De noordoostkant van het terrein wordt ingenomen door de Heide van Allartseach. Behalve droge heide is hier ook natte heide (H4010) aanwezig, vooral rond de dobbe die midden in de heide ligt. De dominante dwergstruik is hier Gewone dophei (Erica tetralix). Veenbies (Trichophorum cespitosum subsp. germanicum) vormt 'pruiken' verspreid in de heide. Op pionierplekken, bijvoorbeeld waar geplagd is, komt in de natte heide de eerste jaren een begroeiing tot ontwikkeling waarin Witte en Bruine snavelbies (Rhynchospora alba en Rhynchospora fusca) domineren en waartussen Kleine zonnedauw (Drosera intermedia) en Klokjesgentiaan (Gentiana pneumonanthe) voorkomen. Dergelijke pionierbegroeiingen worden als een eigen habitattype beschouwd (H7150). De overgang van natte en droge heide is het leefgebied van het Heideblauwtje (Plebeius argus).

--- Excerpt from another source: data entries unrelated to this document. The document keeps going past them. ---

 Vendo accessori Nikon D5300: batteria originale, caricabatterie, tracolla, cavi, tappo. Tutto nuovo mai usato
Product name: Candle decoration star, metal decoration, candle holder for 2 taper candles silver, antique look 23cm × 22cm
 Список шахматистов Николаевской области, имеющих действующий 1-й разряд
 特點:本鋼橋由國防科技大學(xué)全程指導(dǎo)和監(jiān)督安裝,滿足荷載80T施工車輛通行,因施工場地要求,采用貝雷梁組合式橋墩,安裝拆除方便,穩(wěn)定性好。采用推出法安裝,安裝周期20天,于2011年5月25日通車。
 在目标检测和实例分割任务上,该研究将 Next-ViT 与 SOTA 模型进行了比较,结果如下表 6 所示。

Natte heide en de pionierbegroeiing met snavelbiezen komen ook voor rond de Pûpedobbe, die in de zuidrand van het terrein ligt. Een bijzondere vlindersoort is hier het bedreigde Gentiaanblauwtje (Maculinea alcon). In de natte randen van het ven groeien onder meer Waterdrieblad (Menyanthes trifoliata) en Snavelzegge (Carex rostrata). In de Harmsdobbe, in het westelijke deel van het terrein, staat behalve Waterdrieblad ook Slangenwortel (Calla palustris), met hartvormige bladeren en een aronskelkachtige bloeiwijze. Ingesloten door bos ligt aan de noordoostrand van het terrein nog een ven waarlangs Gagel- en Wilgenstruwelen te vinden zijn.

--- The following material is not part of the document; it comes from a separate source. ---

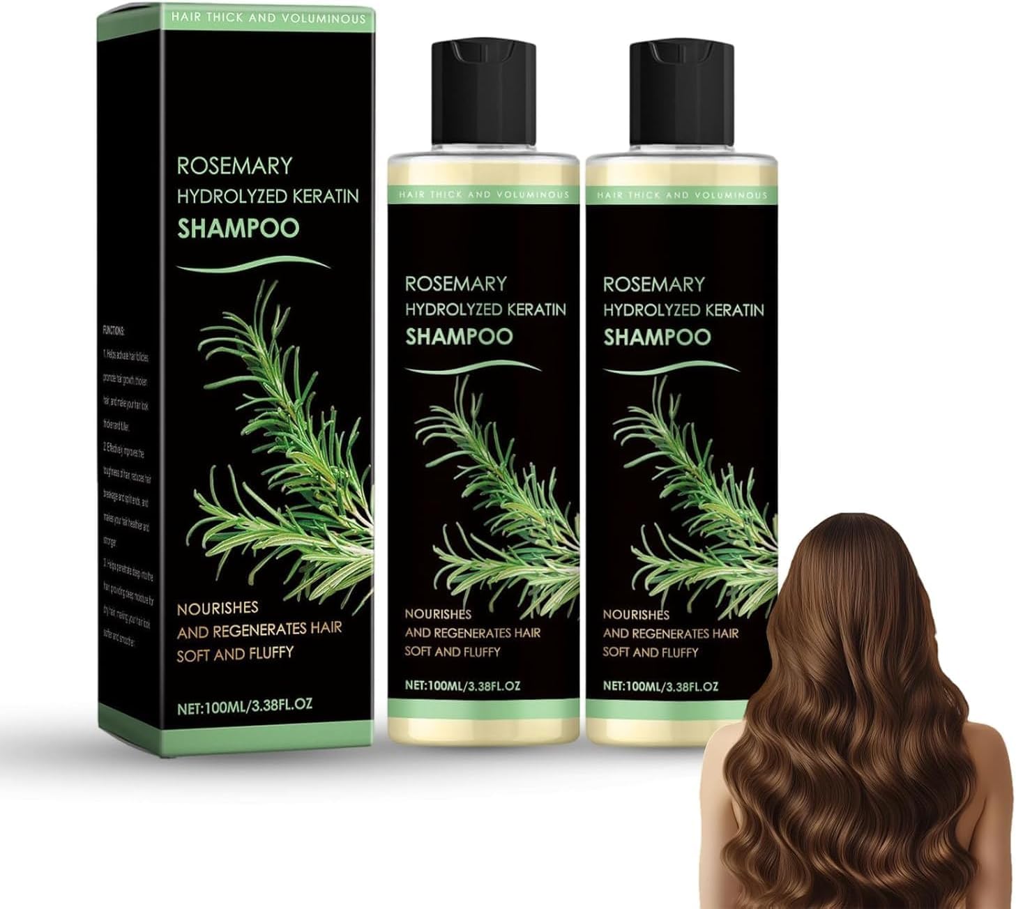 Shampooing au Romarin avec Kératine Hydrolysée - Romarin Kératine Hydrolysée Shampooing, Volume nettoyant et hydratant en profondeur, soin quotidien léger et volumisant, Format Voyage, 100ml–Lot de 2
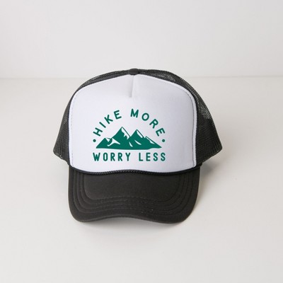 Simply Sage Market Hike More Worry Less Mountains Adult Foam Trucker Hat - One Size Fits Most - White/Black

Het grootste deel van het terrein wordt ingenomen door aangeplante, soortenarme naaldbossen. Nabij de Mjunsterwei bevindt zich een tamelijk rijke groeiplaats van Dalkruid (Maianthemum bifolium) onder strubbenachtige eiken, een voorbeeld van het habitattype Oude eikenbossen (H9190). Het gemengd bos met eiken, berken en beuken is rijk aan spechten, zoals Groene, Zwarte, Grote bonte en Kleine bonte specht. Andere kenmerkende broedvogels zijn Boomklever, Glanskop en Appelvink, en roofvogels als de Boomvalk.
Literatuur
Van Gelderen 2002; Bijlsma 2004; Bos et al. 2006.